In the medieval fantasy kingdom of Migal Bavel, the place the film “100 Nights of Hero” is ready, characters communicate fashionable English and put on fashionable labels like Cecilie Bahnsen. Directed by Julia Jackman and based mostly on Isabel Greenberg’s graphic novel of the identical identify, the film even stars singer of the second Charli XCX. Yet, it cultivates an inexplicably interval vibe — regardless of such a interval of time by no means current in any respect.
How did Jackman do it? Hats.
Some are silky, some are spikey, and a few — just like the one worn by stately maidservant Hero, performed by Emma Corrin — seem like handkerchiefs delicately dropped from a fantastic peak onto the pinnacle of its wearer. The abundance and selection of hats on display screen, from pilgrim to pillbox, is placing compared to right now’s largely hat-less inhabitants. It harkens again to a time in historical past when socially appropriate headgear was as important to public life as Google Maps is right now.
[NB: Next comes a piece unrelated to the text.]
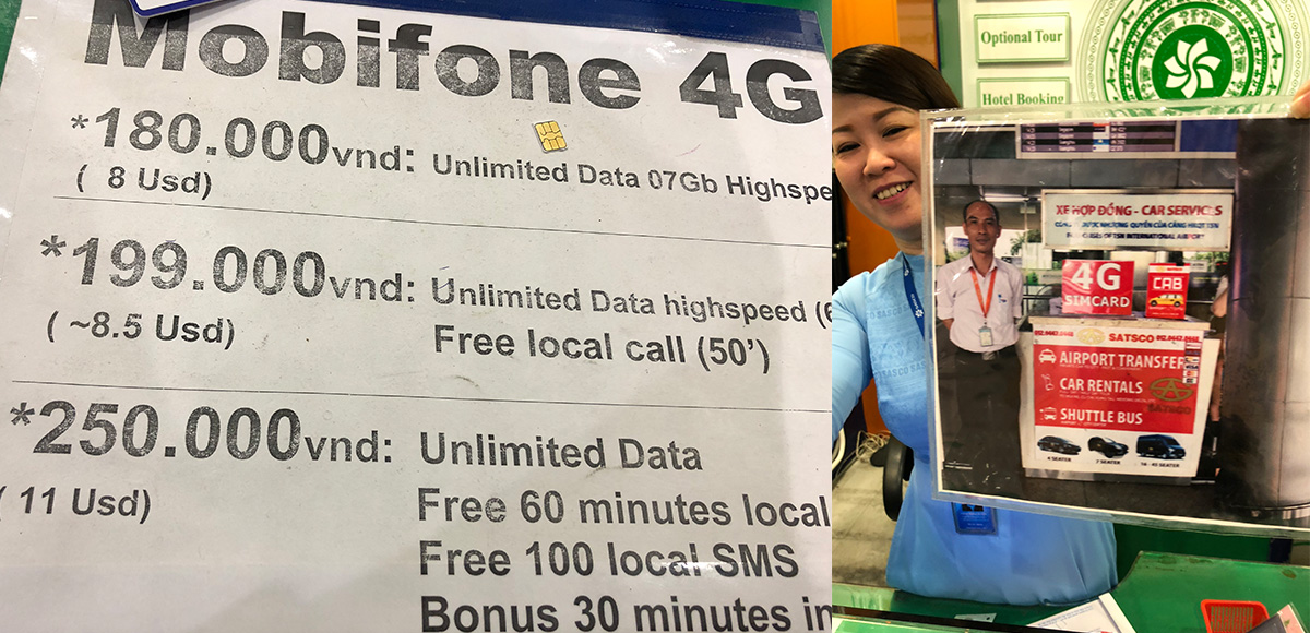สิ่งแรกที่คิดไว้ว่ามาถึงแล้วต้องทำก็คือการซื้อซิมการ์ดซึ่งพอเดินผ่านศุลกากรออกมา ก็มีป้ายติดขายซิมการ์ดอยู่หลายร้านเรียงรายกันอยู่ในสนามบิน เราเดินมองดูป้ายเพื่อสำรวจราคากันก่อน โดยอ่านรีวิวมาแล้วว่าจะซื้อของ Mobifone ยังไม่ทันจะเดินสำรวจครบทุกร้าน มีเจ๊ผู้หญิงคนนึงก็ตะโกนเรียกพวกเราจากในร้านว่าจะซื้อซิมการ์ดรึป่าว ที่นี่มีขายนะ พร้อมกับยื่นป้ายราคาให้ดู แต่เรื่องราคาก็ไม่รู้หรอกนะว่าถูกหรือแพงเพราะตอนดูรีวิวไม่ได้จำราคามา แต่ก็เป็นอันตกลงซื้อไปเรียบร้อยที่ราคา VND199,000 (หน่วยเงินที่นี่เวลาเค้าเรียกกันจะตัดศูนย์ 3 ตัวหลังออกเพื่อความสะดวก) ระหว่างที่ยืนรอให้เจ๊เปลี่ยนซิมให้ เจ๊ก็ใช้ความสามารถในการขายของ ชวนพวกเราคุยว่านี่จะไปไหนกันหรอ ที่นี่ก็มีบริการแท๊กซี่นะ เราเลยตอบไปว่าจะไป Muine เค้าก็บอกว่านี่เดี๋ยวเค้าลดราคาให้ เพราะพวกเราซื้อซิมกับเค้า เค้าก็คิดให้ดูเป็นแบบรายคนว่าเนี่ยปกติคนละ 100 กว่าเหรียญ เนี่ยลดให้ 20% เหลือคนละเท่านี้เหรียญ แล้วก็ลดให้อีกคนละ 1 เหรียญนะ เพราะว่าพวกเราซื้อซิมไป ตกออกมาคันละ USD87 เราก็จำได้ว่าตอนอ่านมาจากพันทิพราคาจะตกอยู่ประมาณ USD80-90 เราก็อยากได้ถูกที่ USD80 เลยลองต่อไปว่าลดให้ดีอีกรึป่าว แต่เจ้ก็บอกว่าไม่ได้แล้ว นี่เป็นการลดให้สุดๆแล้ว ให้ลองเดินถามแถวนี้ตกไหนดูก็ได้ ไม่มีตรงไหนถูกกว่านี้แล้ว พวกเรามองซ้ายมองขวา ให้เพื่อนเดินไปถามร้านข้างๆเค้าบอกว่าคิดที่ USD110 (แต่นี้ก็คือยังไม่ได้ต่ออะไรนะ) พวกเราด้วยความขี้เกียจ ประกอบกับท่าทางที่น่าเชื่อถือของเจ้ ก็ขี้เกียจไปเดินให้คนอื่นหลอก ก็เลยตกลงกับเจ้เรียบร้อย ซึ่งราคานี้เป็นราคาแค่ส่งอย่างเดียว ไม่รวมพาไปเที่ยวที่อื่น แต่สามารถขอคนขับพักกินข้าวหรือเข้าห้องน้ำระหว่างทางได้ สรุปว่าจ่ายเงินให้เจ้ค่ารถไปทั้งหมด 2 ล้านดอง สรุปแล้วแฟนบอกว่าที่เจ้บอกว่าลดให้เหรียญนึง จริงๆคือไม่ได้ลดอะไรให้หรอก เพราะว่าตอนถอนตังค่าซิมถอนมาไม่ครบ ที่ลดราคาไปก็คือตังทอนค่าซิมนั่นเอง เราก็งงไปเลยเห็นเจ้พูดหลายรอบซะดิบดี แต่ก็ไม่เป็นไร ถือว่าได้ความสบายใจจากหน้าตาของเจ้ เจ้รับเงินเรียบร้อยก็ชี้ทางพร้อมยกรูปขึ้นมาโชว์ว่าออกจากสนามบินให้เดินไปทางขวาหน้าประตูที่ 3 จะเจอบู๊ธแบบในรูปให้เอาใบเสร็จรับเงินไปยื่นแล้วรอรถที่ตรงนั้น

Until the mid-1900s they had been a sartorial identifier, capable of delineate rank, standing and wealth in a single look.

Although the film is an adaptation, the thought to make use of millinery to assist construct the legendary court docket gown of Migal Bavel was costume designer Susie Coulthard’s concept. “It immediately just sprung to mind as I was reading the script,” she mentioned in a video interview. “I just thought, ‘I know exactly how this should look.’” The cornerstone of her imaginative and prescient was a Steven Meisel photo shoot, printed within the March 2006 situation of Vogue Italia. The editorial, named “Organized Robots,” options fashions reminiscent of Gemma Ward, Coco Rocha and Missy Rayder frolicing in tiered lace-trimmed frocks, aprons and quirky up-turned black and white bonnets like a modern group of Amish girls.
Working partly with hat makers Adèle Mildred and Gabrielle Djanogly of Hood London, Coulthard made 11 bespoke hats for the film — together with the three makes an attempt it took to nail Corrin’s maidservant hat — in addition to one other 30 sourced from Etsy, non secular retailers {and professional} costume shops. There’s the ominous, executioner-style black hoods adorned with miniature chook skulls for the film’s patriarchal overlords, the sinister Beak Brothers, or the biretta-style hats worn by the gold-masked guards, made by milliner Zac Dinnage.
Maika Monroe’s character Cherry, a delicate younger noblewoman struggling to consummate her marriage to neglectful husband Jerome (Amir El-Masry), wears two Meisel-inspired bonnets. “What Susie wanted with Cherry was to show her chasteness,” mentioned Mildred in a video name, holding up a barely devilish square-topped bonnet to the digicam. (It’s a black model of Monroe’s on-screen hat, which is available for purchase from Hood London). “There were several options on the table. And I particularly liked this piece because of the two horns on it,” she added. “Because it shows that she has some agency, as well as being chaste.” The bonnet’s horns are half devious wink, belying Cherry’s untapped sexual urge for food, half nod to the pointed cones of a butterfly hennin — a mode of hat worn by noblewomen of the 1400s. “It hits a couple of points,” Mildred mentioned. “Literally.”
The fantasy style gave Coulthard an “easy” temporary, permitting her to mix collectively designs from vastly totally different cultures and time durations nevertheless she favored. Cherry’s second bonnet took cues from the milkmaids as depicted by Dutch masters reminiscent of Johannes Vermeer, for instance; whereas Rosa, performed by Charli XCX, wears a tall, flower-adorned headpiece impressed by an historical folks costume. As most parts had been fictional, there have been “no guidelines,” mentioned Coulthard. “There doesn’t have to be any particular truth to it, as long as the character feels grounded enough, and the cast feel that they can act in what they’re wearing.” Though, every bit was hand-stitched by Djanogly and Mildred to create a basic sense of timelessness.
Of course, the flamboyant millinery was a mode selection at the start — however based on Coulthard they made monetary sense too, since hats, being so near an actor’s face, get extra screentime than another ingredient of gown. It was a precious means of approaching the notoriously restricted price range constraints of impartial filmmaking. “It’s more impact for the money,” Coulthard mentioned. “I adore shoes and boots, but my assistants always say to me, ‘Why are we spending money on boots that you will see for a nano second?’”
But working with headgear additionally comes with its personal issues. “Putting hats on screen can be quite difficult,” mentioned Coulthard, noting the varied head shapes to think about and guaranteeing cohesion between the headpieces and clothes that had been made by a wholly totally different division. “You’d be surprised how hard it is to match whites,” Mildred added.
Plus, some faces simply aren’t constructed to be framed inside a cotton bonnet. “Not everyone can get away with rocking those particular styles,” Coulthard mentioned. Thankfully, all agreed this solid was as much as the duty. Particularly Monroe and Corrin, who Djanogly and Mildred gave the milliner’s seal of approval: “They have hat heads.”